DEA Unearths Illegal Marijuana Operation in National Parks
Drug dealers using national park land for illegal marijuana operation.
Aug. 12, 2008 -- When most people think of national forests, visions of trees and wildlife come to mind. But national forests have become a hotbed of narcotics trafficking.
Large expanses of the Northern California wilderness, typically used for camping and fishing, have been replaced by manicured rows, consisting of tens of thousands of marijuana plants.
Marijuana is being grown illegally on national park land in seven states: California, Tennessee, Washington, Oregon, Kentucky, Hawaii and West Virginia, according to the Office of Drug Control Policy.
An epidemic of illegal marijuana farming on public lands has spread, fueled by Mexican-based drug dealers who have sent a covert work force into the mountains.
The dealers hide the marijuana deep in the forest, on land often accessible only on foot. ABC News traveled with DEA agents, by helicopter and then through steep terrain to reach the fields.
Across thousands of acres of national forest, dealers have painstakingly laid miles of elaborate waterlines through the forests to irrigate their crop. Each marijuana plant has been carefully positioned to receive its own water supply and maximum sunlight.
This extensive cultivation operation produces massive marijuana plants, some 15 feet tall, sprouting buds the size of ears of corn.
While marijuana crops flourish, millions of forest plants and trees are destroyed.
"Ten acres of forest are damaged for every acre planted with marijuana," said John P. Walters, the director of National Drug Control Policy, in a recent testimony. (Walters is known as the "drug czar.") The land, he continued, is "contaminated with the toxic chemicals, fertilizers, irrigation tubing and pipes associated with marijuana cultivation."

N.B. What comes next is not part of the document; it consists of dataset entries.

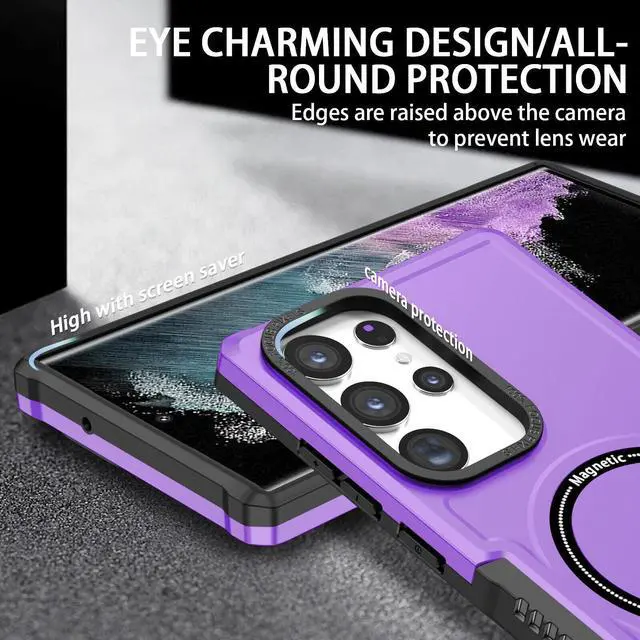 Features: Compatible with Samsung Galaxy S24 Ultra. Extensively drop tested, so you can feel reassured that your device is well protected. Featuring a robust multi-layered design, the case provides extreme protection for your device. This hard-wearing tough case safe-guards your phone against whatever life can throw at, keeping it secure at all times even in the most extreme of conditions. Reinforced cushion corners provide excellent protection where it's most needed. A soft rubberized TPU inner core tightly grips to your phone while absorbs shock and cushions the phone from drops and impact. Patented hybrid case with ridge polycarbonate hard shell for armor-like protection. Non-slip side grip help you from dropping your phone, providing comfortable grip in your hand. Raised front bezel and camera opening prevent scratches to the screen and camera lens. Textured rubbery interior for impact resistant protection. Intuitive button covers for a tactile experience. Built-In MagSafe magnetic ring, and your phone is ready for the snap-on/snap-off satisfaction of MagSafe magnetic wireless charging, magnetic ring mounting, and a whole world of swappable magnetic accessories. Advanced Antimicrobial Technology - Special formula is built into the case keeping it clean, safe and free from harmful microbes.
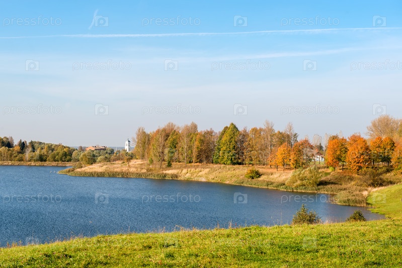 Красивый красочный лес у озера в осенний день
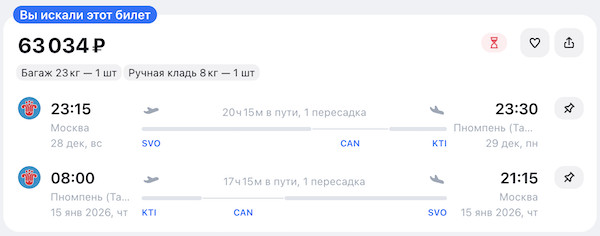 Новый год в Камбодже: билеты из Москвы 63.000 рублей туда-обратно.
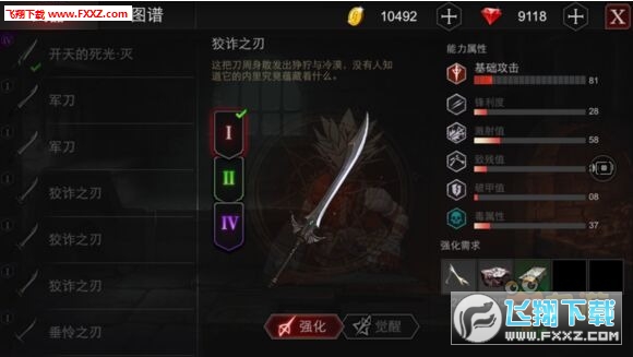 通关第二个副本—祭祀禁地后,会接到一个武器锻造的新手任务,完成后会得到一把军刀,这把军刀各项属性比垂怜之刃好一些,是游戏初期的主要武器,往后几个关卡都要靠它。
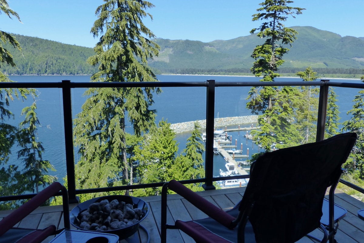 Rückzugsort am Meer an der Westküste, 40 Meter über der Brandung, angrenzend an China Beach. Genießen Sie Strandfeuer, Waldspaziergänge, Wandern, Pilze sammeln und Surfen. Ein kurzer privater Pfad führt Sie hinunter zum Strand. Die 560 Quadratfuß große Hütte befindet sich auf dem Grundstück und bietet einen spektakulären Panoramablick auf die Juan de Fuca Straight. Mach es dir in dieser gemütlichen Hütte mit Kingsize-Bett am Holzfeuer gemütlich oder nimm ein Bad in der Außenwanne und genieße die atemberaubende Aussicht!
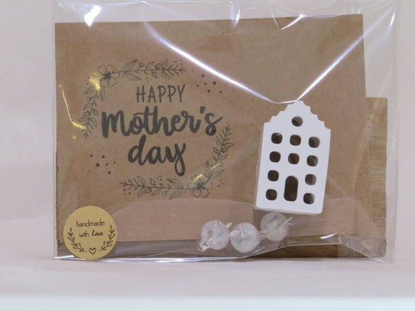 Karte mit Häuschen und 3 Ballonlichtern hübsch verpackt.
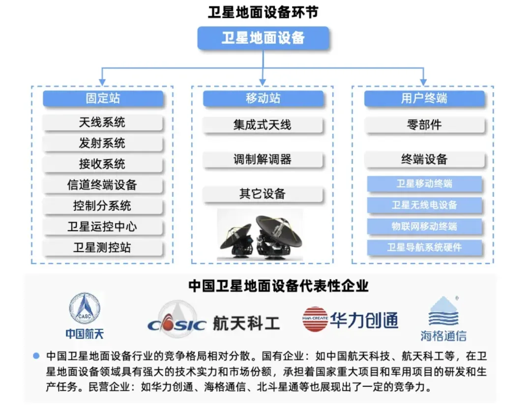 地面设备主要包括固定地面站、移动地面站和用户终端。
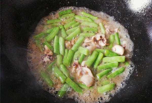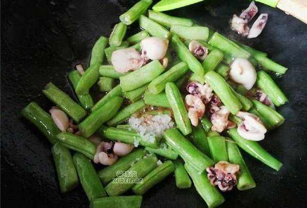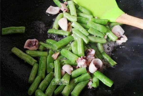 2.墨魚仔預熱就收縮的很快,再把洗凈切段的四季豆倒入翻炒

The dealers redirect water from the forests' streams, building dams that dry out parts of the forest.
"Water's not flowing where it naturally should; instead it's right here in a pool," said Jeffery Hoyt, group supervisor for Marijuana Group, and a San Francisco DEA agent.
As they devvastate the environment, the dealers reap massive profits -- 1 pound of marijuana is valued at $3,000 on the streets.
Hoyt brought ABC News to the middle of the forest, where workers built a drug trafficker's camp, complete with the comforts of home.
"They've got it netted, they've brought their own power source," Hoyt explained. "Packages of beer, Coca-Cola, peaches, and then they pack all their clothing in it. Everything you need to survive in the woods."
There was even a log of work hours, with what appeared to track names, dates and times.
"A lot of these people are paid 200 bucks a week," Hoyt said, thumbing through the drug dealer's notebook.
Police surveillance photos show that the dealers are often armed. The DEA has seized almost 191 weapons from the San Francisco fields.
"We're finding more and more that the growers are arming themselves," Hoyt said. "It's becoming a more dangerous situation for law enforcement."
After searching the area for traffickers, the DEA agents destroyed the crops on several acres of mountainside. In this area of California alone, the DEA found 2,349 marijuana plants, worth an estimated street value of $9 million.
So far this season, the DEA has cut down more than 168,000 marijuana plants in California. And the growing season's not over yet.